Unforgiven highlights for me the major problem with Westworld. It makes sense that 1970 Richard Benjamin would be interested in vacationing in an old west theme park because he would have grown up on cornball westerns of the 50s. It's not clear to me that anyone would want to spend $40k/week (/day?) to live in Unforgiven.

I see a parallel between the ending shootout and English Bob's monologue about the majesty of royalty. America doesn't have kings, but we do have gunslinging legends like William Muny. When all the "little dog" deputies are discussing Little Bill and the tough towns he worked we see the kind of awe that Bob was talking about. Little Bill ends up losing when a bigger, badder, literally more awesome specter enters the town.

Looking forward to the JFK cast .. cuz if you're a general who has decided to murder the president, you can't do any better for an A Team than a crew of rent boys, closeted businessmen and Joe Pesci. That is one reliable group of secret keepers.

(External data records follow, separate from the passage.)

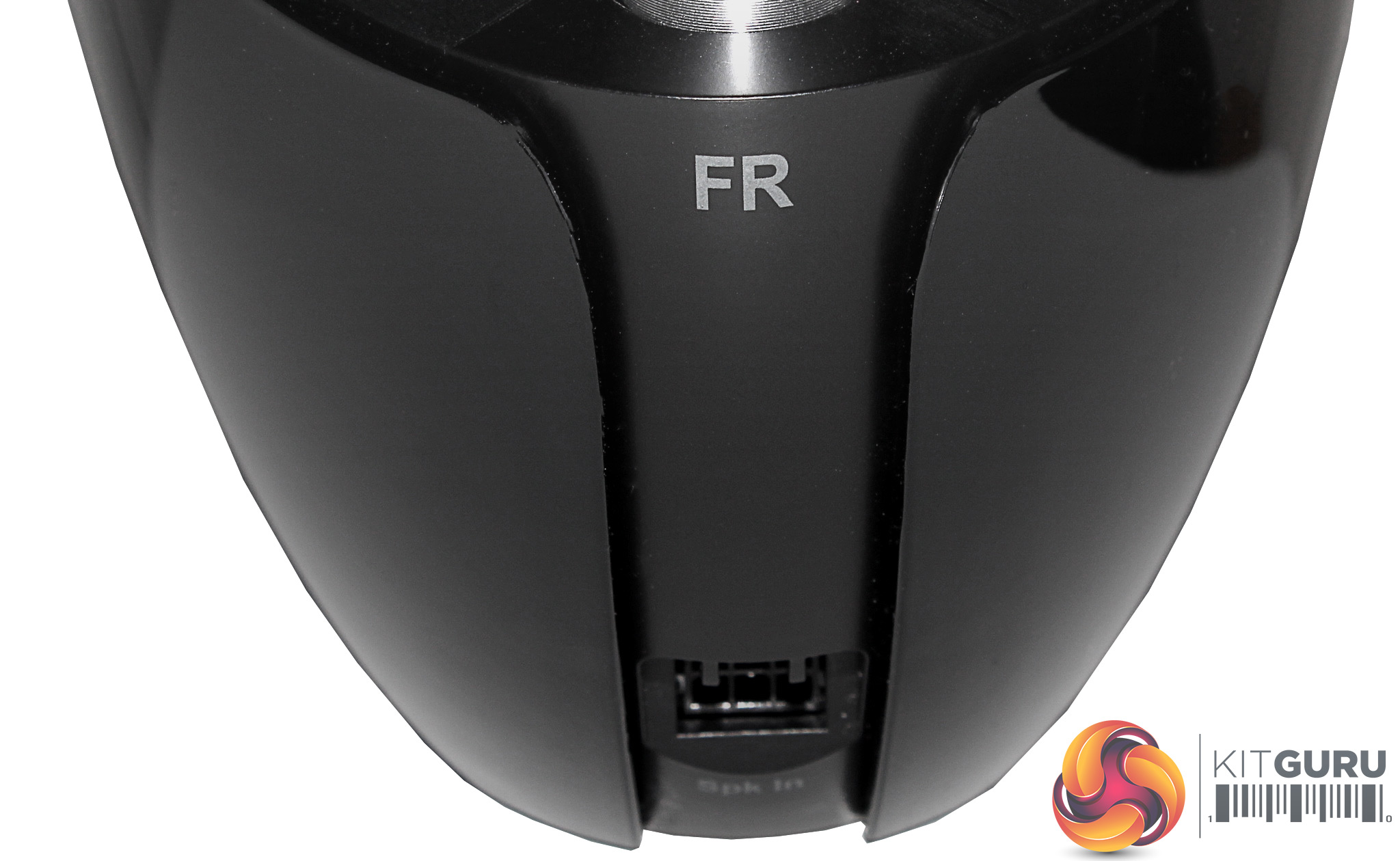 Alongside the hefty subwoofer (we placed a household plug on the base – to give you a sense of the scale) and clever central speaker unit (detail shots shows its Dolby credentials), you essentially get 4 speakers that are nearly the same, except that the FR/FL have a cabled data connection, while the SR/SL have wireless connectivity.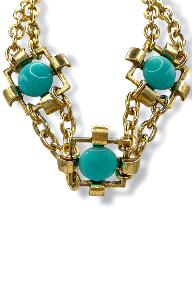 This double chain necklace boasts elegant gold square pendants adorned with delicate stone detailing. With its timeless design this necklace will bring a touch of something special to any outfit.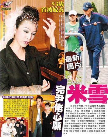 《家好月圓》的一幫演員聽聞米雪要嫁尹志強(qiáng)的消息后,紛紛提早道賀!癑o鮑”夏雨祝兩人白頭到老,家好月圓。與米雪私交甚篤的馬海倫,除了連聲叫好外,還失口爆料:“據(jù)我所知,他們會(huì)低調(diào)搞!
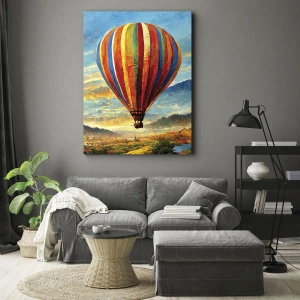 Impression sur toile - Image sur toile - Un ballon coloré au-dessus d'un paysage pittoresque - 70x100cm - Dans le silence on voit mieux - Décoration murale moderne pour le salon et la chambre ARTTOR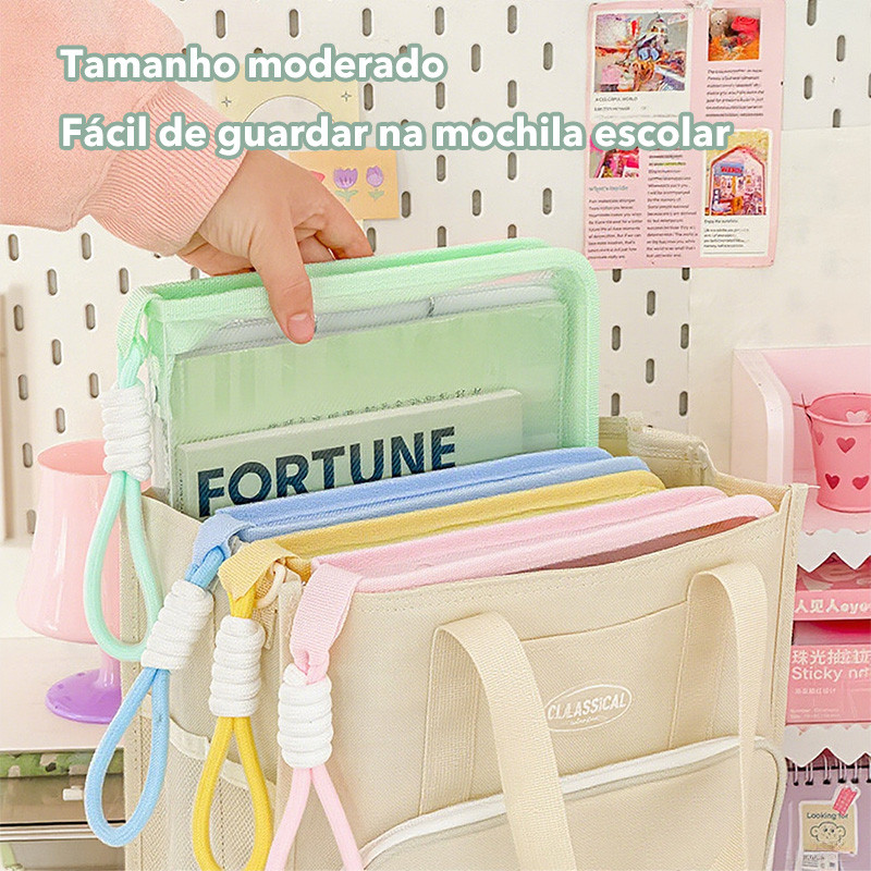📋 Descrição do Produto Organize seus cadernos, papéis, canetas e acessórios com estilo e praticidade! 🎨✨ Nossa pasta de malha transparente é ideal para quem busca funcionalidade e charme em um único produto. Feita com tecido resistente e durável, ela permite visualizar o conteúdo sem precisar abrir, economizando tempo no dia a dia. 💪 Principais Vantagens ✅ Malha Transparente e Resistente: Tecido de alta qualidade que não rasga facilmente, garantindo durabilidade prolongada. ✅ Alça Extra Reforçada: Design ergonômico para transporte confortável, ideal para levar na mochila ou na mão. ✅ Zíper Resistente: Fechamento seguro que mantém seus itens protegidos e organizados. ✅ Bracadeira de Placa Integrada: Funcionalidade extra para fixar cartões, crachás ou etiquetas de identificação. ✅ Cores Pastel Lindas: Escolha entre Rosa, Azul, Amarelo e Verde para combinar com seu estilo pessoal. ✅ Tamanho Perfeito: Acomoda documentos A4, cadernos, canetas e outros acessórios com facilidade. 🎯 Para Quem É Ideal? 🧑🎓 Estudantes: Organize materiais escolares e leve para a escola ou universidade. 💼 Profissionais: Guarde papéis, agendas e acessórios de trabalho com praticidade. ✈️ Viajantes: Mantenha documentos importantes e pequenos itens organizados durante viagens. 🎒 Amantes da Organização: Tenha tudo no lugar e evite bagunça em casa ou no escritório. 🛠️ Detalhes Técnicos Material: Malha de poliéster resistente Cores Disponíveis: Rosa | Azul | Amarelo | Verde Tamanho: 34 cm x 24 cm (acomoda A4) Peso: Aprox. 80g Bolsa escolar transparente,Pasta para escola,Material escolar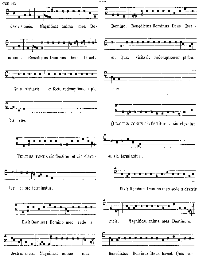 [143][CSII:143; text: dextris meis. Magnificat anima mea Dominum. Benedictus Dominus Deus Israel. Quia visitavit et fecit redemptionem plebis sue. Tertius tonus sic flectitur et sic elevatur et sic terminatur. Quartus tonus sic flectitur et sic elevatur et sic terminatur: Dixit Dominus Domino meo sede a dextris meis. Magnificat anima mea Domino. Quia visitavit redemptionem plebis sue. ]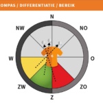 push naar links (W-NW). Om de moeilijkheidsgraad in het kompas weer te geven, wordt er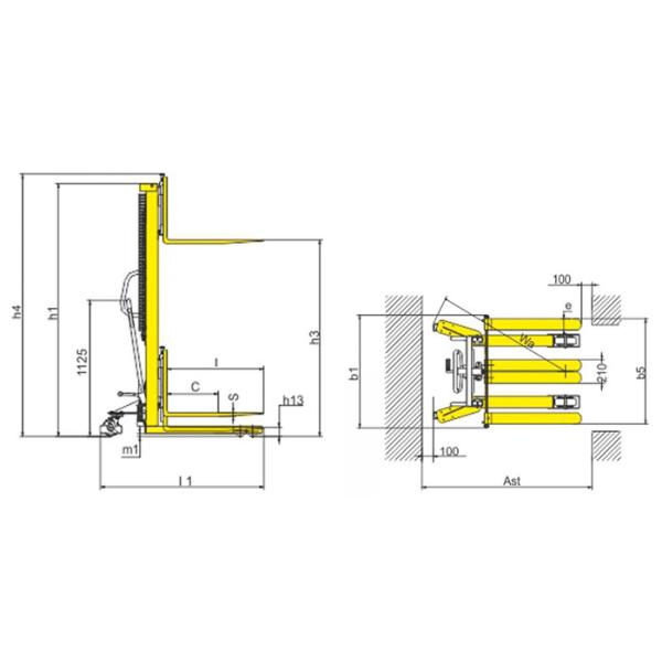 • ​​​Manual pallet stacker with adjustable forks and special handle.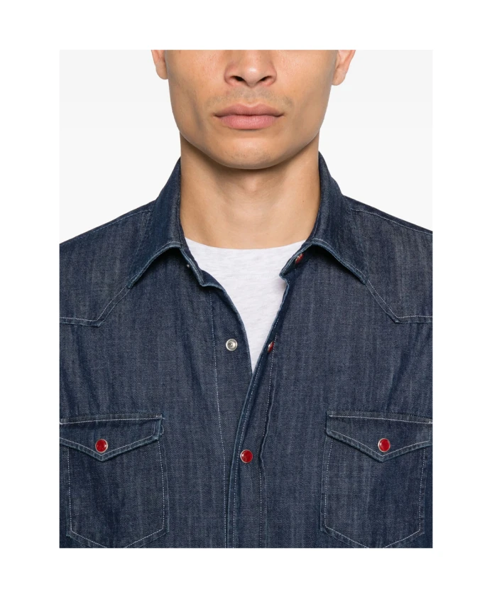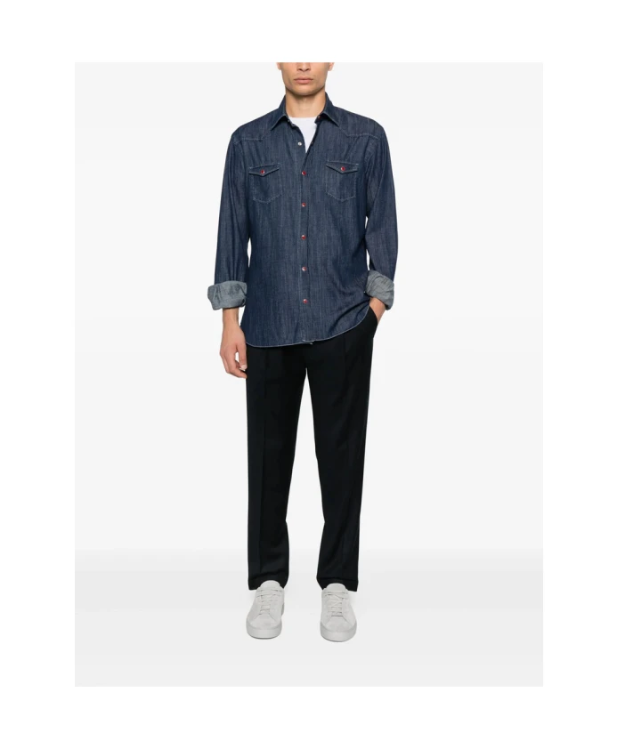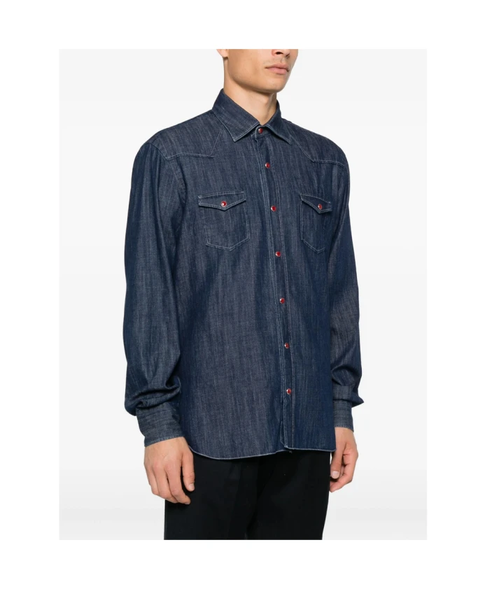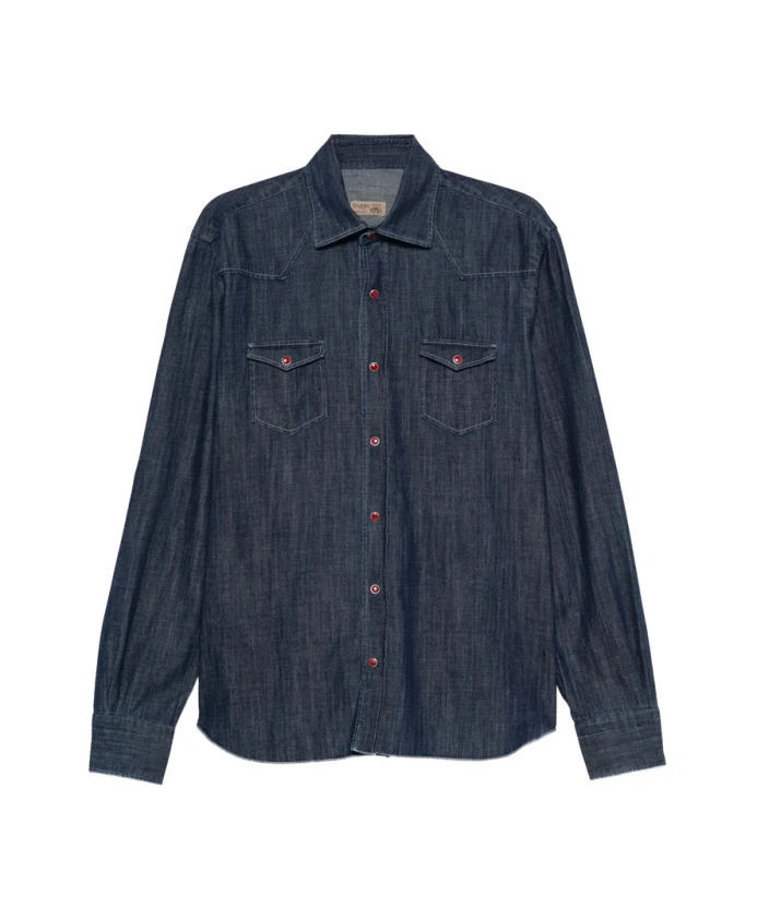 Мужская джинсовая рубашка Barba синего цвета с застежкой на пуговицы, нагрудными карманами, заостренным воротником и красными пуговицами.

  • @Natter Cast I commissioned JFK also. Love that film. I miss old Oliver Stone who had guts to do the controversial political film.
  • My memory of seeing "Unforgiven" in a theater when it first came out was, that movie was so darkly lit I missed most of the important scenes. I liked it very much then but haven't seen it since—but I may have to rewatch because the podcast was really good!
    I'm somewhere between Jim's and ARon's reactions. It's not a knock to say I put Unforgiven in a kind of "western myth" category...even though there are gritty realistic settings and plot situations you have characters and dialogue that are rich and satisfying, and a story like a full meal. These movies kind of depend on a collective unconscious idea of "the west," which was in modern times created by movies, so a weird looping thing. But they're all kind of very satisfying in a way, even if they don't have a completely happy ending. 
    The best way to describe that western myth category though is to name a movie that isn't, like, The Assassination of Jessie James by the Coward Robert Ford. That movie was really, really unsettling, but in a good way. It's one of just a few movies that have completely dropped me into time and place the entire time. The sparseness, the lack of "stuff"; the dialogue; virtually feeling the weather; even the idea of pointing a pistol just feet away from someone and missing; the "realness" of the movie has always stuck with me. I'm not sure it can even be called a western. Anyway I like it just as much as Unforgiven but those two movies couldn't be more different in depicting a similar time period. 
    I especially liked the talk about Munny's character. Personally I think the main reason he is sympathetic at all is because he can say Ned is his friend. If someone like Ned is willing to leave his home and go with Munny, Munny can't be all bad. Then you put Morgan Freeman in that role and you've got the audience firmly on your side. It's a completely different movie without Ned.